Moatable, Inc. is a holding company incorporated in the Cayman Islands. Under the PRC Enterprise Income Tax Law (the “EIT Law”) and its implementation rules, an enterprise established outside of mainland China with a “de facto management body” within mainland China is considered a “resident enterprise,” and will be subject to PRC enterprise income tax on its global income at the rate of 25%. The implementation rules define the term “de facto management body” as the body that exercises full and substantial control and overall management over the business, productions, personnel, accounts and properties of an enterprise. In 2009, the State Administration of Taxation issued SAT Circular 82, which provides certain specific criteria for determining whether the “de facto management body” of a Chinese-controlled enterprise that is incorporated offshore is located within mainland China. Although this circular only applies to offshore enterprises controlled by Chinese enterprises or Chinese enterprise groups, not those controlled by Chinese individuals or foreigners, the criteria set forth in the circular may reflect the State Administration of Taxation’s general position on how the “de facto management body” test should be applied in determining the tax resident status of all offshore enterprises. According to SAT Circular 82, all offshore enterprises controlled by a Chinese enterprise, or a Chinese enterprise group will be regarded as a Chinese tax resident by virtue of having its “de facto management body” in mainland China only if all of the following conditions are met:

(i)the primary location of the day-to-day operational management is in mainland China;
(ii)decisions relating to the enterprise’s financial and human resource matters are made or are subject to approval by organizations or personnel in mainland China;
(iii)the enterprise’s primary assets, accounting books and records, company seals, and board and shareholder resolutions, are located or maintained in mainland China; and
(iv)at least 50% of voting board members or senior executives habitually reside in mainland China.

We believe that neither Moatable, Inc. nor any of its subsidiaries incorporated outside of mainland China is a Chinese resident enterprise for Chinese tax purposes.
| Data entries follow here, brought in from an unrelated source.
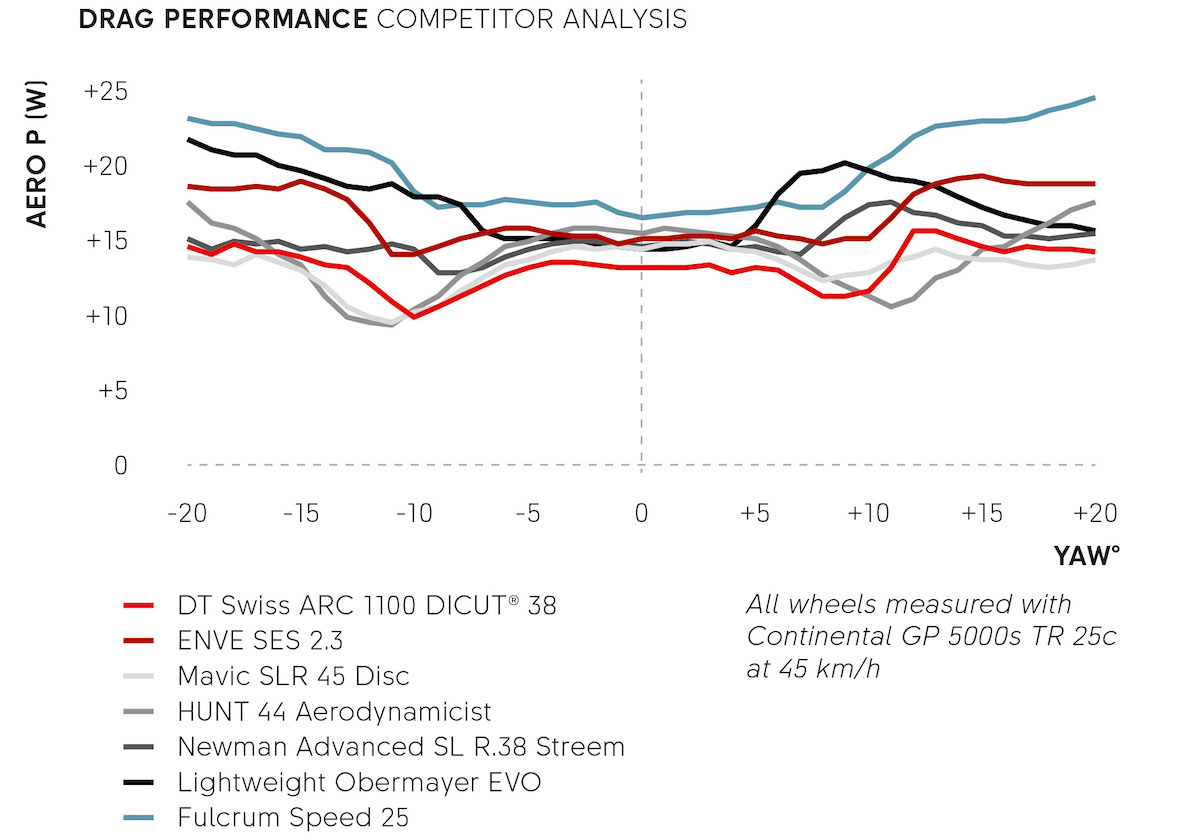 DT Swiss ha messo poi a confronto le ARC 1100 DICUT 38 con diverse ruote rivali della medesima categoria.
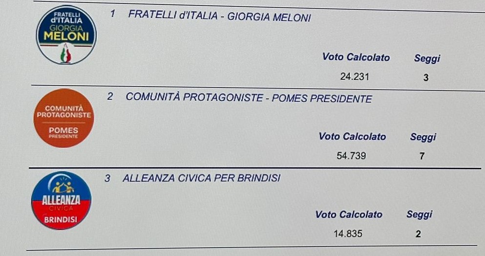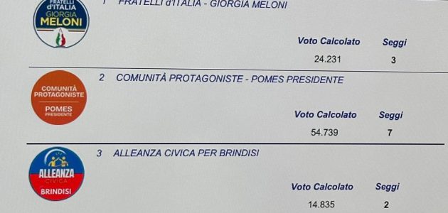 Si è concluso lo scrutinio delle elezioni per il Presidente e il Consiglio provinciale di Brindisi. A guidare l’ente sarà Angelo Pomes, sostenuto dalla lista Comunità Protagoniste – Pomes Presidente, che ha ottenuto il risultato più consistente nel voto degli amministratori locali.
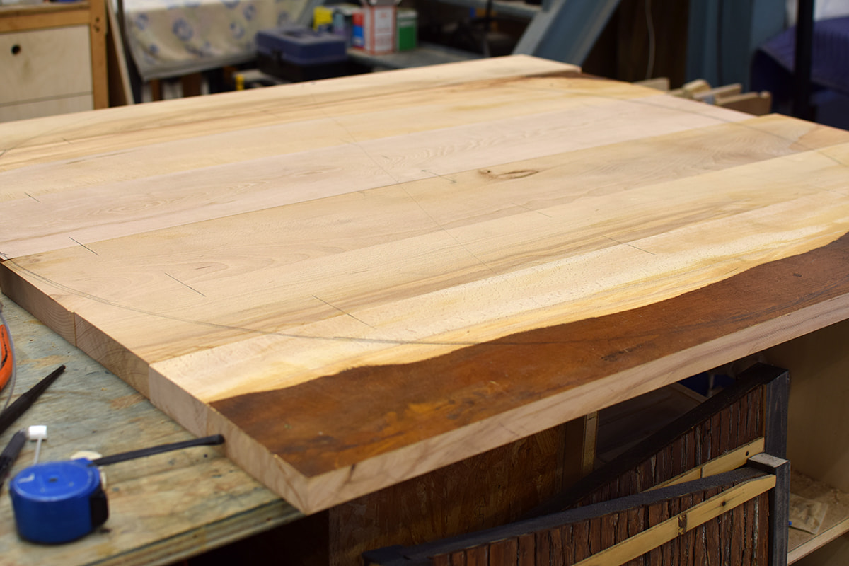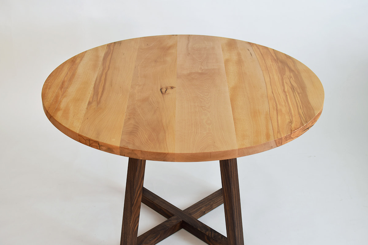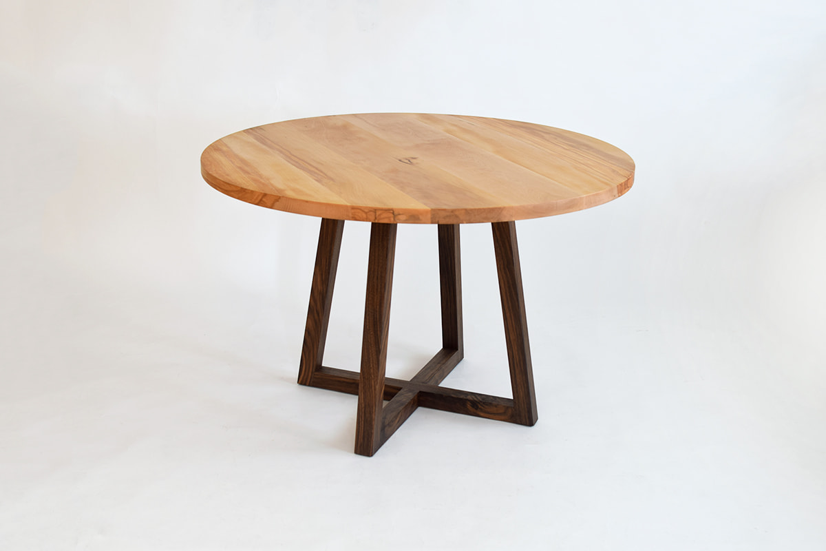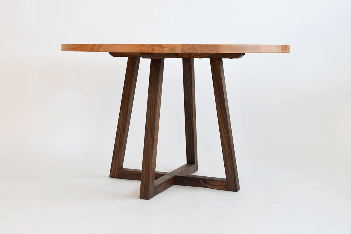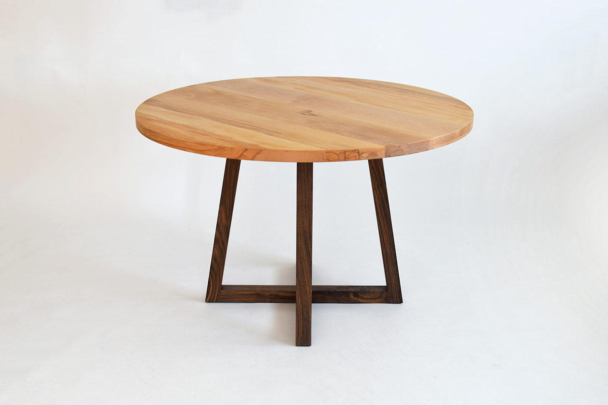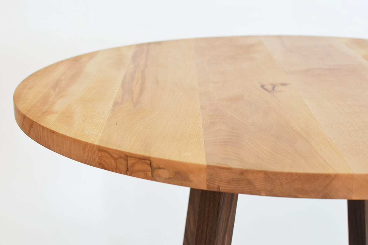 works - 家具の製作/修理・リメイク事例 一覧へ オーダーメイド家具 ブナ×ウォールナットの円形リメイクテーブル ご不要になられた大きな座卓をダイニングテーブルにリメイク。 厚みのあるブナ無垢材の座卓の天板を剥ぎ直してから丸くくり抜き、塗装を剥がして、新たなテーブルの天板に。 脚はウォールナット無垢材で新たにデザイン・製作しました。 close

Moatable, Inc. is not controlled by a Chinese enterprise or Chinese enterprise group, and we do not believe that Moatable, Inc. meets all of the conditions above. Moatable, Inc. is a company incorporated outside mainland China. As a holding company, some of its key assets are located, and its records (including the resolutions of its board of directors and the resolutions of its shareholders) are maintained, outside mainland China. For the same reasons, we believe our other subsidiaries outside of mainland China are also non-Chinese resident enterprises for Chinese tax purpose. However, the tax resident status of an enterprise is subject to determination by the Chinese tax authorities and uncertainties remain with respect to the interpretation of the term “de facto management body.”

If Chinese tax authorities determine that Moatable, Inc. is a Chinese resident enterprise for EIT purposes, we may be required to withhold tax at a rate of 10% on dividends we pay to our shareholders, including holders of the ADSs that are non-resident enterprises. In addition, non-resident enterprise shareholders (including the ADS holders) may be subject to a 10% Chinese withholding tax on gains realized on the sale or other disposition of the ADS or Class A ordinary shares, if such income is treated as sourced from within mainland China. Furthermore, gains derived by our non-Chinese individual shareholders from the sale of our ordinary shares and the ADSs may be subject to a 20% Chinese withholding tax. It is unclear whether our non-Chinese individual shareholders (including the ADS holders) would be subject to any Chinese tax (including withholding tax) on dividends received by such non-Chinese individual shareholders in the event we are determined to be a Chinese resident enterprise. If any Chinese tax were to apply to dividends realized by non-Chinese individuals, it will generally apply at a rate of 20%. The Chinese tax liability may be reduced under applicable tax treaties. However, it is unclear whether non-Chinese shareholders of Moatable, Inc. would be able to claim the benefits of any tax treaty between their country of tax residence and mainland China in the event that Moatable, Inc. is treated as a Chinese resident enterprise.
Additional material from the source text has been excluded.